Impact: these were real contract-level security and correctness concerns in the reviewed codebase, especially for future deployments or parity-sensitive live components.

Recommendation: keep the hardened repository implementations as the source of truth for future deployments and verify live bytecode parity where operationally relevant.

Medium - Owner role is improved but still EOA-based

The live owner is no longer the original concentrated operational wallet, but it is still a single EOA rather than a multisig.

Impact: compromise of the new owner EOA would still allow owner-level reconfiguration.

Recommendation: migrate owner to a multisig.

Medium - Reserve operator and Base rebalancer remain concentrated

The reserve-moving role and the Base vault rebalancer are still on the legacy hot wallet.

Impact: reserve and liquidity operations still have a larger-than-ideal blast radius.

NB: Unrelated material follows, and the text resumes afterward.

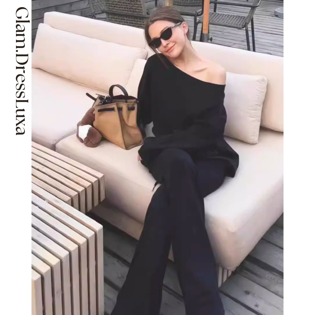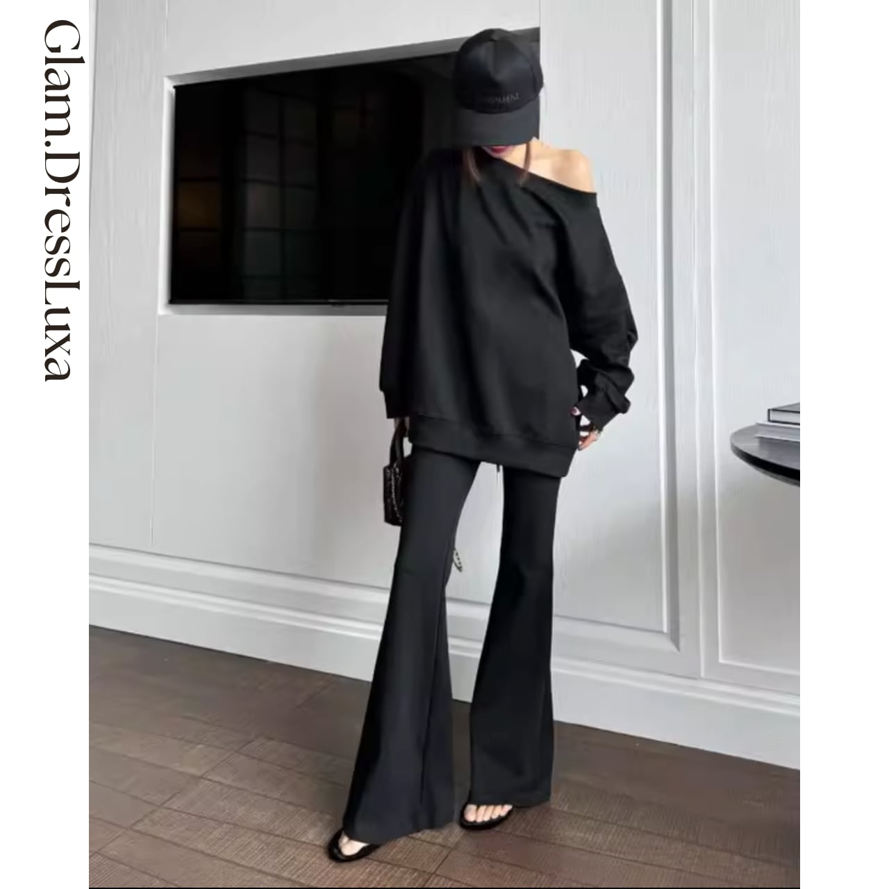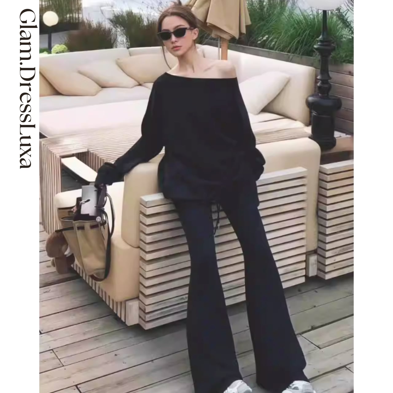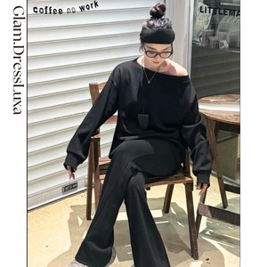 美脚ラインを引き立てるフレアパンツのセットアップ。

Recommendation: split these hot roles when operations are ready.

Medium - Live async redeem coordinator may lag hardened local source

The local repository contains stronger async control logic than what was earlier observed on the documented live coordinator deployment.

Impact: emergency assumptions for the async redeem coordinator should be treated cautiously until bytecode parity is confirmed.

Recommendation: perform explicit live bytecode/source parity verification for the coordinator.

Informational - Core PSUSD contracts were not redeployed

This hardening cycle intentionally preserved live contract addresses and existing integrations.

Repository Hardening vs Live State

The repository source tree contains additional hardening work beyond the live in-place role rotation.

Important distinction: this audit explicitly separates contract-level source hardening from what was directly verified on live deployed contracts. The PSUSD BSC and Base contracts were part of the audit scope, but live conclusions are intentionally limited to state and behavior that were directly validated.

Validation Summary

Conclusion

This audit cycle produced a real live security improvement. The deployment is safer than before, but not yet at its ideal end state.

Priority next steps are: multisig owner migration, reserve operator / rebalancer split, and explicit live coordinator parity verification.